You may have trouble finding a Thule bag in stock. Thule is a big name in sporting gear (ski racks, backpacks, etc) but camera stores have not yet picked up on them in mass quantities. 

I'm not terribly terribly vain, but I tried on my top 3 contenders from the usual suspects and they looked like someone slapped either a big Igloo cooler or else a big floppy pet mattress on my back. 

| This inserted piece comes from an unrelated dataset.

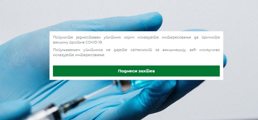 Dake, treba imati na umu da popunjavanjem upitnika i slanjem zahteva ne dajete saglasnost za vakcinaciju, već isključivo iskazujete interesovanje da primite kovid vakcinu. Saglasnost za vakcinaciju je dokument koji se potpisuje kod lekara i, ukoliko se odlučite da se vakcinišete, taj dokument ćete tamo potpisati.

I got my Thule from a luggage store on sale for a little less. Either way you might want to order it and try it on if you are interested. Or the smaller daypack version is only $150.00


----------



## Synkka (Jun 7, 2014)

Hi sagittariansrock, I can fit the 135l vertically but that is the tallest I would put vertically. I think with a laptop in the bag it should still fit a 135mm vertically but it might be tight, that should give you an idea of the depth. I find the bag very comfortable, I like that it sits well off your back for airflow and I use the chest strap often. The waist strap is good as it folds away but I never use it as I am tall (6'5") waist straps on most bags for me sit in odd spots. I often have it loaded very heavy through airports, maybe 15kg. I find it as comfortable as a heavy bag can be, the back is padded well and you can adjust and move the straps to suit. Overall I am very happy with the bag it's well made like all the thinktank products, and I have never had an issue with its size for flights which is really important to me.


----------



## sagittariansrock (Jun 7, 2014)

Synkka said:


> Hi sagittariansrock, I can fit the 135l vertically but that is the tallest I would put vertically. I think with a laptop in the bag it should still fit a 135mm vertically but it might be tight, that should give you an idea of the depth. I find the bag very comfortable, I like that it sits well off your back for airflow and I use the chest strap often. The waist strap is good as it folds away but I never use it as I am tall (6'5") waist straps on most bags for me sit in odd spots. I often have it loaded very heavy through airports, maybe 15kg. I find it as comfortable as a heavy bag can be, the back is padded well and you can adjust and move the straps to suit. Overall I am very happy with the bag it's well made like all the thinktank products, and I have never had an issue with its size for flights which is really important to me.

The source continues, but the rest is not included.